“It is also advisable for young girls not to engage in sex at an early ages as this has been seen to be another factor behind the rise in Cervical Cancer in Zimbabwe…”
By Michael Gwarisa
YOUNG girls who engage in sexual intercourse at an early age (9-18) are at a greater risk of developing cervical cancer in the long run, an Island Hospise official has said.
Speaking in a program HIV Interventions on Star FM yesterday, Island Hospise Training Manager Franciscah Tsikai urged young girls to abstain from sex until their bodies are mature enough for such activities.
“Cervical cancer has always been there but traditionally it was most prevalent in women around the ages 40 and above. These days however, Cervical cancer knows no age as it is affecting young girls. This is because at times girls are having multiple sexual partners, but other risk factors include using some vagina tightening herbs in pursuit of pleasing their sexual partners.
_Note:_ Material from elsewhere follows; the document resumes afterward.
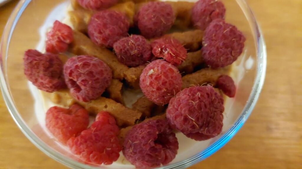 Auf dem Heimweg war es dann noch viel eisiger als am Morgen. Zum Abendessen gab es Rosenkohl auf Bohnenhumus. Und weil mich der Japanese Cheescake Hype total im Griff hat, gab es Joghurt mit Karamellkeksen und Himbeeren oben drüber. Falls jemand noch nie davon gehört hat: Durch meinen Insta Feed rollt seit letzter Woche eine große Welle mit Rezepten für Japanese Cheescake. Dabei handelt es sich allerdings nicht um klassischen Käsekuchen sondern eben um Joghurt in den Karamellkekse gesteckt und dann eine Stunde oder auch über Nacht in den Kühlschrank gestellt werden. Die Feuchtigkeit vom Joghurt zieht in die Kekse, die Kekse werden weich, der Joghurt cremig und das Ganze ist am Ende lecker.

“Smoking has been identified as another leading cause of Cervical Cancer in women, women are also encouraged to deliver their babies in safe institutions so as to avoid using unsterilized objects during delivery. It is also advisable for young girls not to engage in sex at an early age as this has been seen to be another factor behind the rise in Cervical Cancer in Zimbabwe,” said Tsikai.
Most young girls in Zimbabwe and the world over are indulging in sex at very young ages of around 10 or 14 years putting the young population at risk owing to the ravenous disease.
Tsikai however encouraged women to regularly visit health institutions for check ups and screening to avoid developing cervical cancer.
“Signs of cervical cancer include a painful feeling during sex or even after sex, experiencing back aches after sex, passing out blood from the vagina and sometimes passing out an smelly fluid from the vagina.
“In Zimbabwe however when women start experiencing such blood from their privates, they rush to believe they have been bewitched thus turning away from visiting health institutions where they can get proper diagnosis.”
Most women in their menopause era at times pass out bloody blocks from their private parts even way in their old age and this has been singled out as a sign of cervical cancer.
Meanwhile, 60 percent of most cervical cancer cases in Zimbabwe are HIV related.The National Aids Council (NAC) communications official Tadiwa Pfupa called on women and the general public at large to get tested regularly for HIV.
“We encourage people to go for HIV testing regularly to see if they have the virus. Once one is discovered to be positive, they are put on treatment to help the body to stay stable in the fight against HIV.”